# What you are asked to do:
Verbatim copy, pictures excluded: every line from the one with "- Easy to Assemble: Scratching" through the final line of the data below, and no other line.

---- Data listing

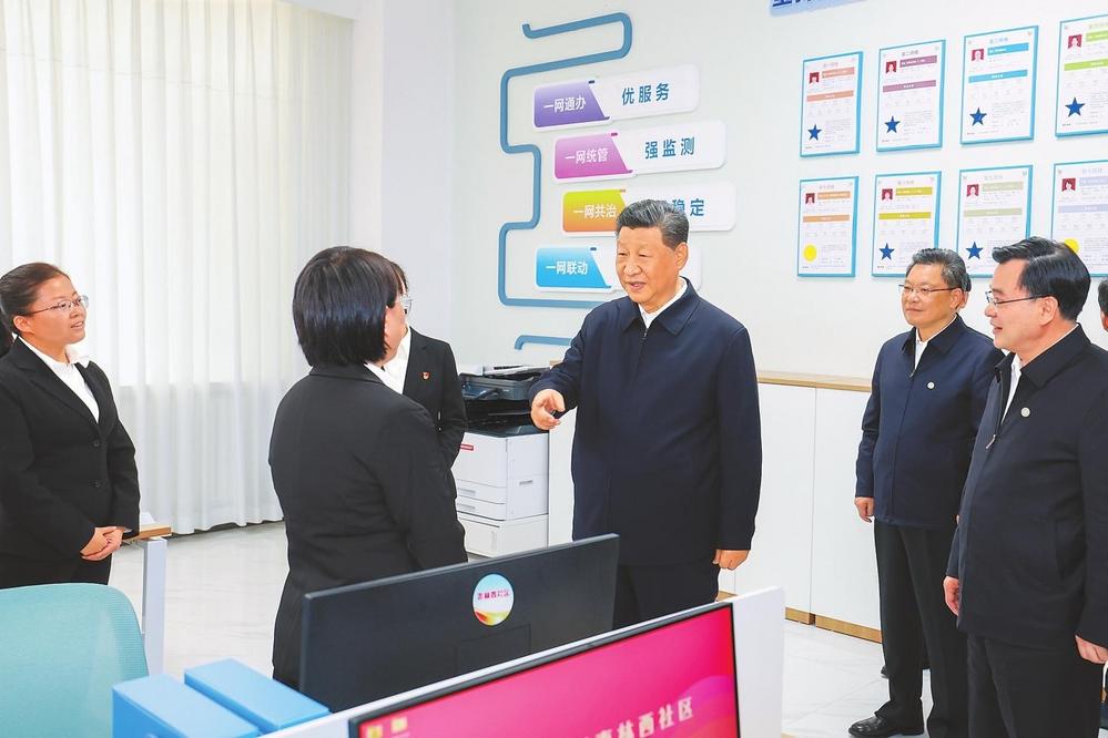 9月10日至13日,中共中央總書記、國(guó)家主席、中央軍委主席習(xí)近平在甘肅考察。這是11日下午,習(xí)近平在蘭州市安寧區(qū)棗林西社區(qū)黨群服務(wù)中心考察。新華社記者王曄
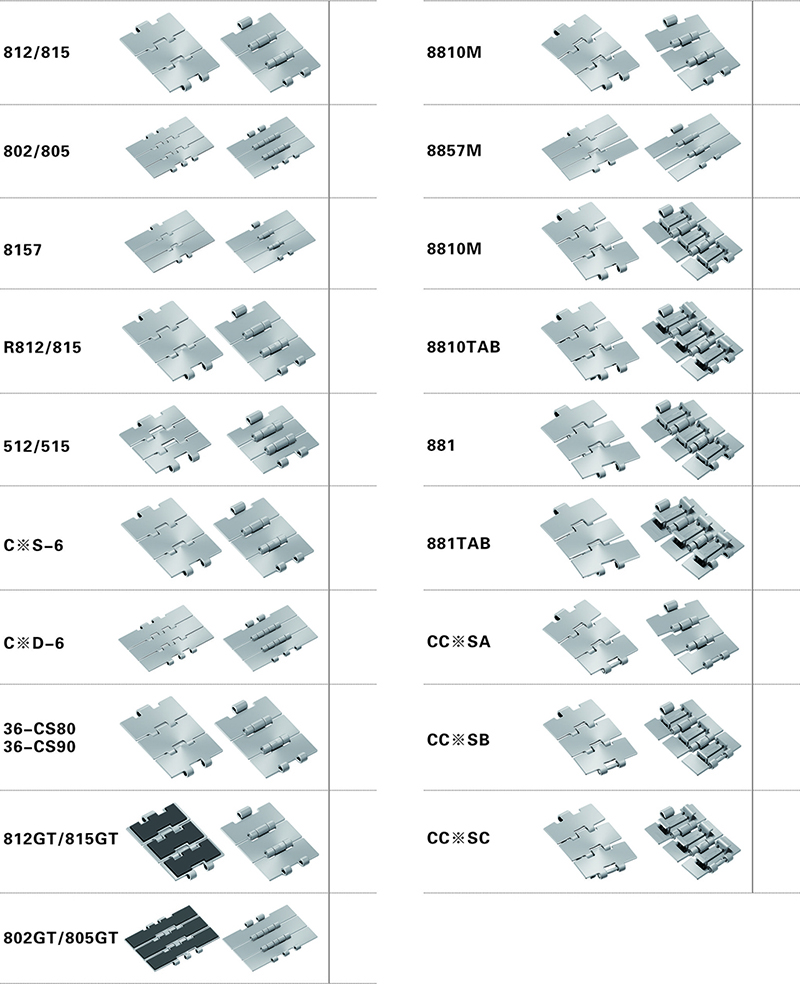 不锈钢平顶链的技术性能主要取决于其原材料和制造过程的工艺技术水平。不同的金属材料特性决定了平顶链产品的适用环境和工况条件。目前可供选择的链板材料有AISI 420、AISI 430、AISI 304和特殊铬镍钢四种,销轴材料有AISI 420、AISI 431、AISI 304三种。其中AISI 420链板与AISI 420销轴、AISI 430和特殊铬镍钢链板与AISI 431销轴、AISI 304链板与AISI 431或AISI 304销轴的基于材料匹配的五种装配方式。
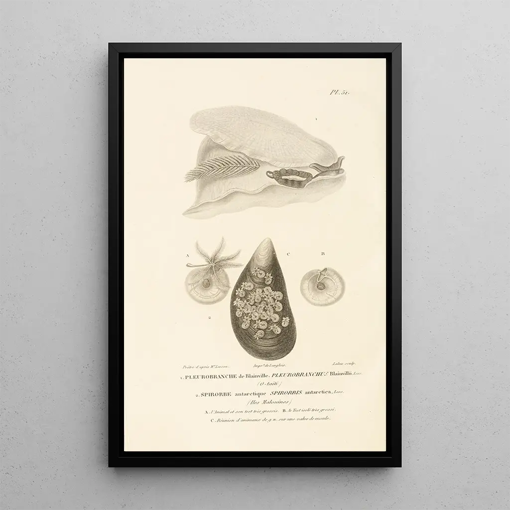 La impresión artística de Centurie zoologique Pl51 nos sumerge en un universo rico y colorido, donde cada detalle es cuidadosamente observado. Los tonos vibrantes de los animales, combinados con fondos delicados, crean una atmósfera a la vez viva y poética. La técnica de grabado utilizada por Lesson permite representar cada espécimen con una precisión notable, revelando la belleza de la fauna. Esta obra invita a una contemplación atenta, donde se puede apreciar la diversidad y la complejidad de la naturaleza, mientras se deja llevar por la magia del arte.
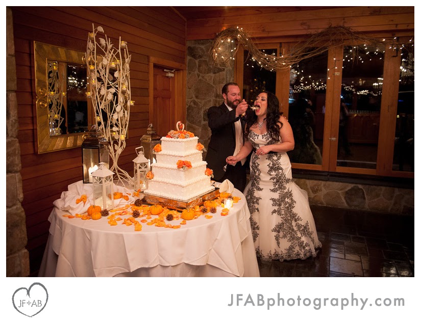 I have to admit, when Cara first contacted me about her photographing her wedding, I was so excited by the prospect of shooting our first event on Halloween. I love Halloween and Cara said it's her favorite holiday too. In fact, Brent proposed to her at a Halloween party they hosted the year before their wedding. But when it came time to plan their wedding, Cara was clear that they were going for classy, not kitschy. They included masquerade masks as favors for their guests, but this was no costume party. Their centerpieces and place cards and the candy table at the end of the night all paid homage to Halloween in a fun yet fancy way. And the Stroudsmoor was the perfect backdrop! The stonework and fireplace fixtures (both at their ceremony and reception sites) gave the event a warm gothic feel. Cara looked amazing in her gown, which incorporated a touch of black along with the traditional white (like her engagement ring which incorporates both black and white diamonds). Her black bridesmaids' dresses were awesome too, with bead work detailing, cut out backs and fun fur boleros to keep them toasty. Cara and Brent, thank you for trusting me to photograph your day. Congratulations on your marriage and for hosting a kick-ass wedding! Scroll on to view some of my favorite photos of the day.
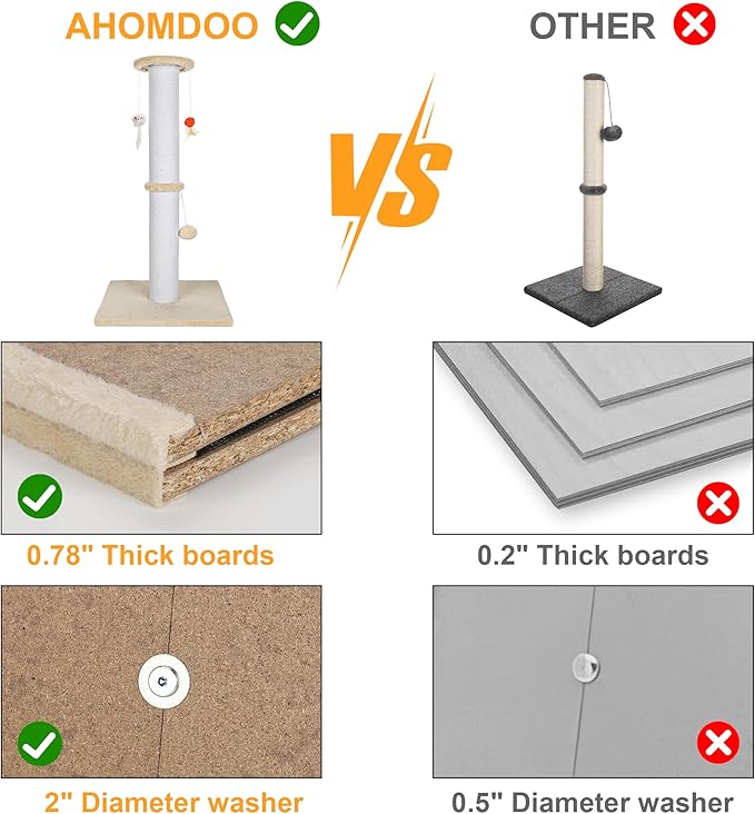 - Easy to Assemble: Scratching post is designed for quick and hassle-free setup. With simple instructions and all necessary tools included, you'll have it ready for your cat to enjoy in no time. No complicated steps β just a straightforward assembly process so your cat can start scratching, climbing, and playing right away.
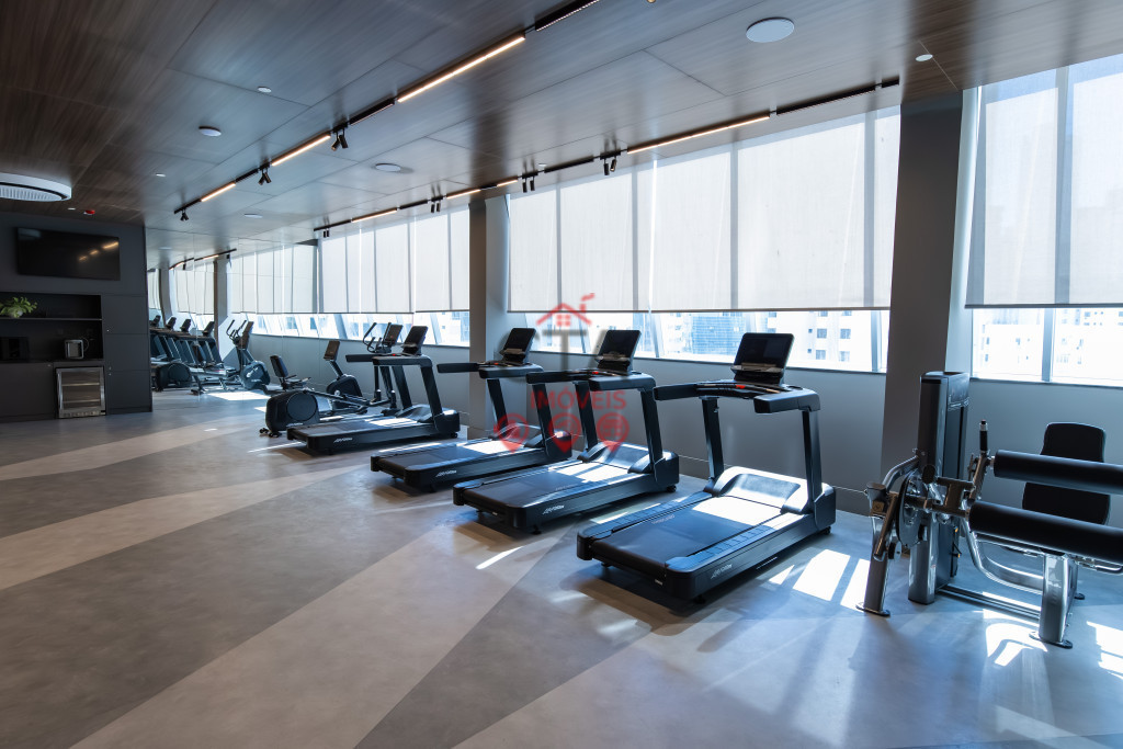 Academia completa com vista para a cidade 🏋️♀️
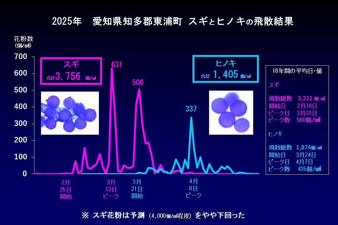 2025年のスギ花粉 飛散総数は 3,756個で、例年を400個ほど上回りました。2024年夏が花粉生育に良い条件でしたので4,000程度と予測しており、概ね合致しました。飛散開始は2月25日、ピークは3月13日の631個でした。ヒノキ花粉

--------

# Exercise result:
 - Easy to Assemble: Scratching post is designed for quick and hassle-free setup. With simple instructions and all necessary tools included, you'll have it ready for your cat to enjoy in no time. No complicated steps β just a straightforward assembly process so your cat can start scratching, climbing, and playing right away.
 Academia completa com vista para a cidade 🏋️♀️
 2025年のスギ花粉 飛散総数は 3,756個で、例年を400個ほど上回りました。2024年夏が花粉生育に良い条件でしたので4,000程度と予測しており、概ね合致しました。飛散開始は2月25日、ピークは3月13日の631個でした。ヒノキ花粉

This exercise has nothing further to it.